The fiery girl ripped the paper in half and balled the pieces up, spiking the wad on the floor before grabbing her own hair with a growl.

“Hey hey hey,” her elder said, pushing her hands down. “It’s not that bad. Give it time. Things will turn up.”

“I don’t like this! Why do I have to hide? I hid in the Mortal Realm; now I have to hide in this world,” she said. “I’m a freak among freaks!”

Sable breathed, “Jerk.”

Kallima muttered apologies as Gabriel pulled her to her feet and into a tight embrace. The girl’s face turned red enough to match her vivid hair. She glanced back at Sable, who smirked painfully at her roommate.

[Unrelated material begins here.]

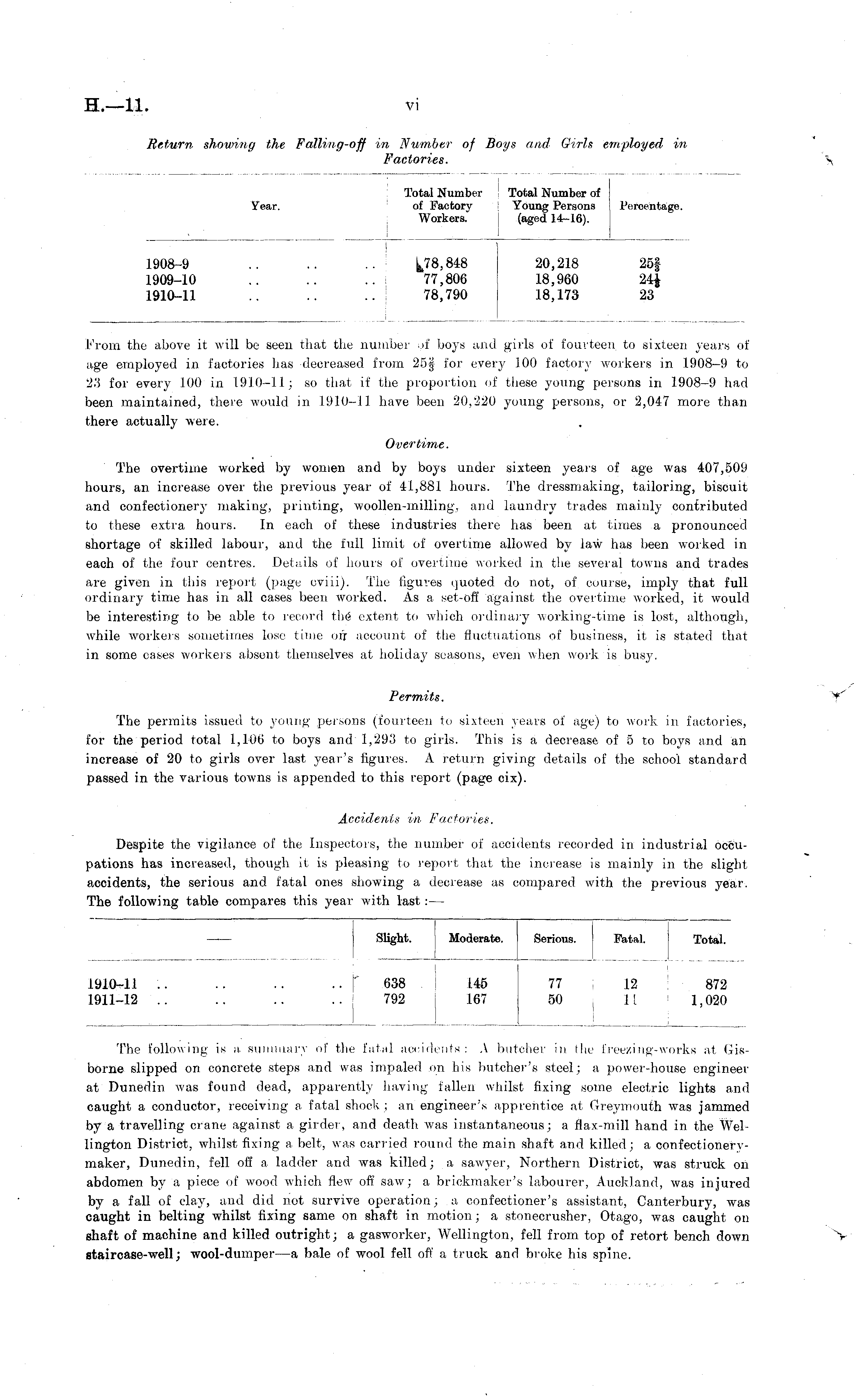 From the above it will be seen that the number of boys and girls of fourteen to sixteen years of age employed in factories lias decreased from 25| for everj- 1.00 factory workers in 1908-9 to 23 for every 100 in 1910-11; so that if the proportion of these young persons in 1908-9 hail been maintained, there would in 1910-11 have been 20,220 young persons, or 2,047 more than there actually were. Overtime. The overtime worked by women and by boys under sixteen years of age was 407,509 hours, an increase over the previous year of 41,881 hours. The dressmaking, tailoring, biscuit and confectionery making, printing, woollen-milling, and laundry trades mainly contributed to these extra hours. In each of these industries there has been at times a pronounced shortage of skilled labour, and the full limit of overtime allowed by law has been worked in each of the four centres. Details of hours of overtime worked in the several towns and trades are given in this report (page cviii). The figures looted do not, of course, imply that full ordinary time has in all cases been worked. As a set-off against the overtime worked, it would be interesting to be able to record the extent to which ordinary working-time is lost, although, while workers sometimes lose time on account of the fluctuations of business, it is stated that in some cases workers absent themselves at holiday seasons, even when work is busj-. Permits. The permits issued to young 1 persons (fourteen to sixteen years of age) to work in factories, for the period total 1,106 to boys and 1,293 to girls. This is a decrease of 5 to boys and an increase of 20 to girls over last year's figures. A return giving details of the school standard passed in the various towns is appended to this report (page cix). Accidents in Factories. Despite the vigilance of the Inspectors, the number of accidents recorded in industrial occupations has increased, though it is pleasing to report that the increase is mainly in the slight accidents, the serious and fatal ones showing a decrease as compared with the previous year. The following table compares this year with last: —

“You’ll be alright,” the sylph whispered to her. “I’ll keep you safe.”

Kallima breathed out and allowed her arms to wrap around Gabriel, returning his hug.

“Thank you, Gabriel.”

“Sable, could you-?”

The gargoyle was out the door before he could finish the question. Gabriel sat down on Sable’s bed and pulled Kallima onto his lap.

“Gab-!”

“Sh… I’m gonna take care of you.”

The sylph kissed Kallima’s cheek then her lips. As her lips brushed Gabriel’s, Kallima sighed, melting into the kiss. Her arms snaked their way up around his neck and pulled him closer. Then he pressed his forehead to hers, and Kallima bit her lip nervously.

“Would you like to- to maybe go on a date with me on Saturday?” Gabriel asked.

Kallima rubbed the back of her neck, her face turning the same color as her hair.

“I… I’d like that.”

“Really?”

“Yes.”

Gabriel’s smile widened. Then he closed his eyes and pulled Kallima’s face to his again for more sweet, soft kisses.